## THE PROBLEM
An unchanged copy of all the lines below is expected, and it should contain no pictures.

## DATASET CONTENT
------------------------------------------------

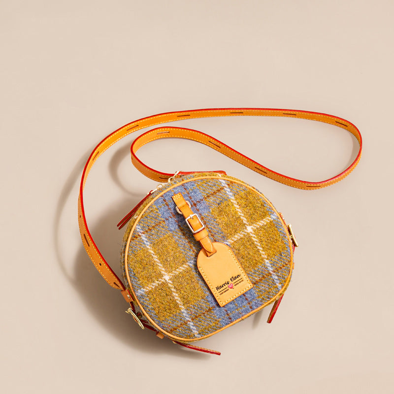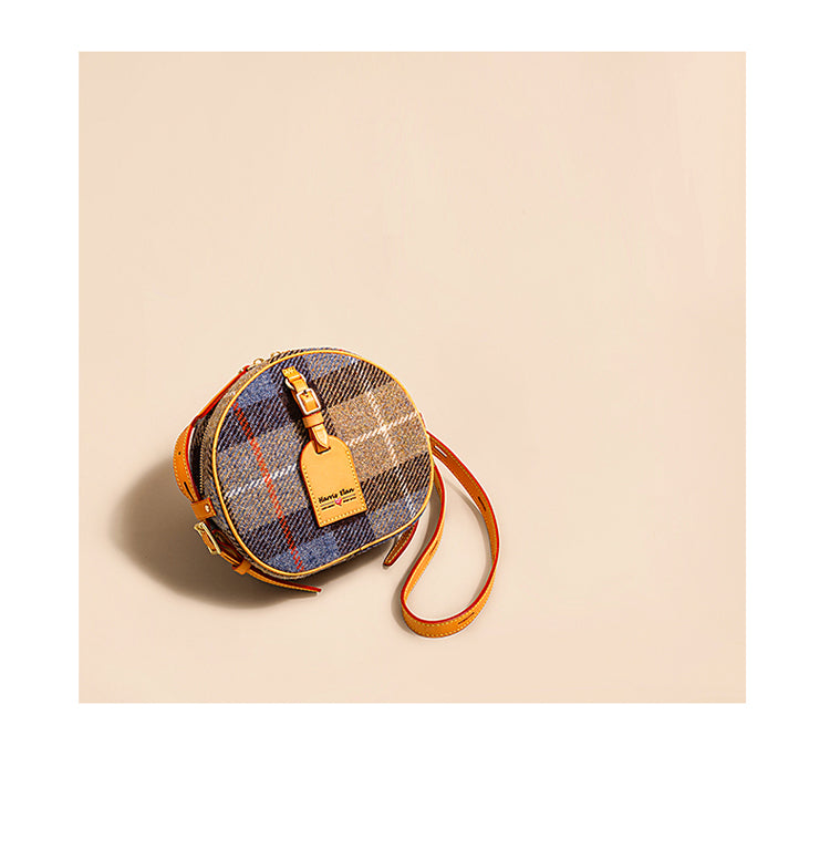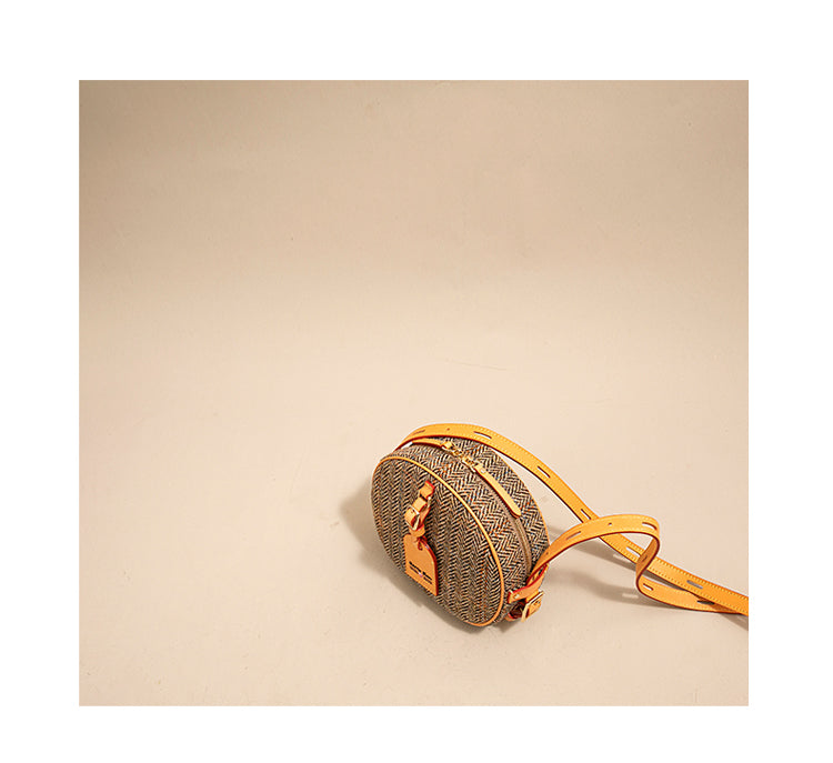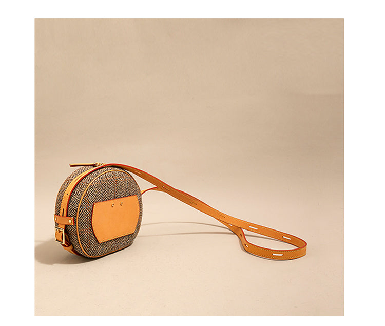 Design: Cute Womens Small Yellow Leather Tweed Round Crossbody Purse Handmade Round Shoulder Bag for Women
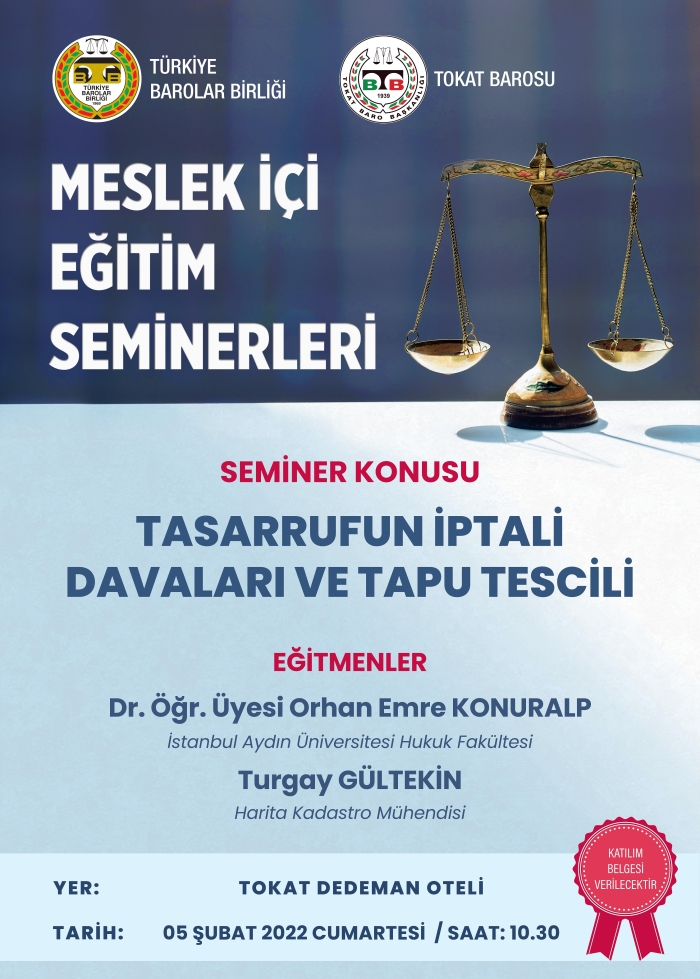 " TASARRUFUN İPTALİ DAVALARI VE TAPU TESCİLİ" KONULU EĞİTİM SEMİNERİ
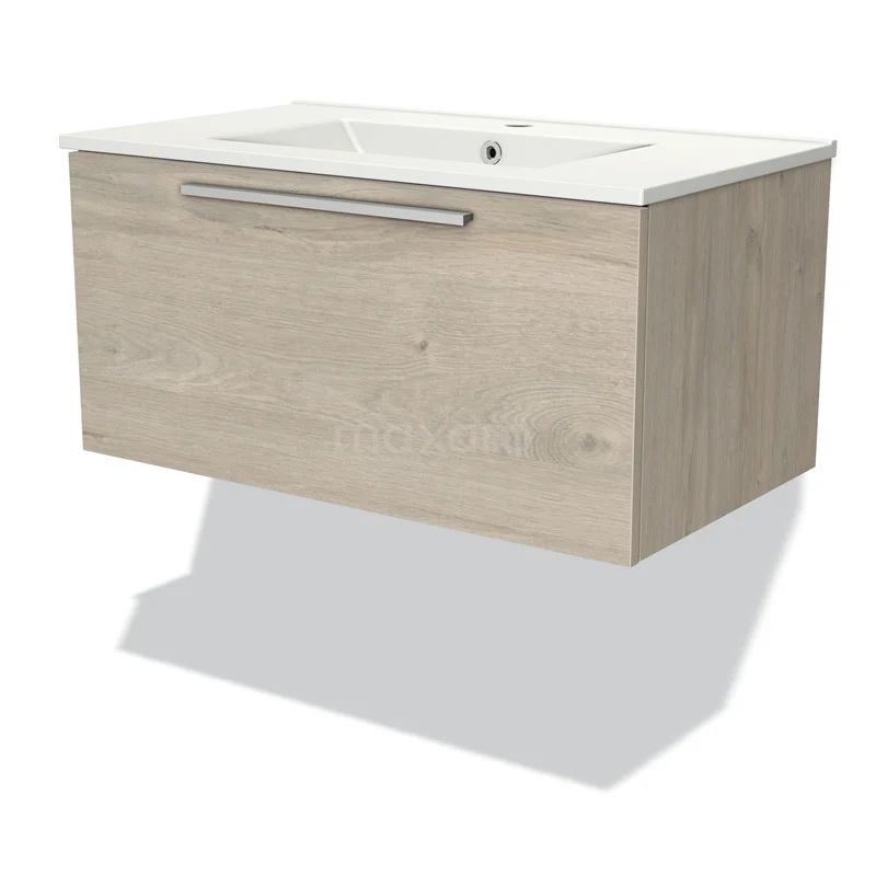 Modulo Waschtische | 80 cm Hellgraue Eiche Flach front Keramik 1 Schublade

------------------------------------------------

## ANSWER BOX
 Design: Cute Womens Small Yellow Leather Tweed Round Crossbody Purse Handmade Round Shoulder Bag for Women
 " TASARRUFUN İPTALİ DAVALARI VE TAPU TESCİLİ" KONULU EĞİTİM SEMİNERİ
 Modulo Waschtische | 80 cm Hellgraue Eiche Flach front Keramik 1 Schublade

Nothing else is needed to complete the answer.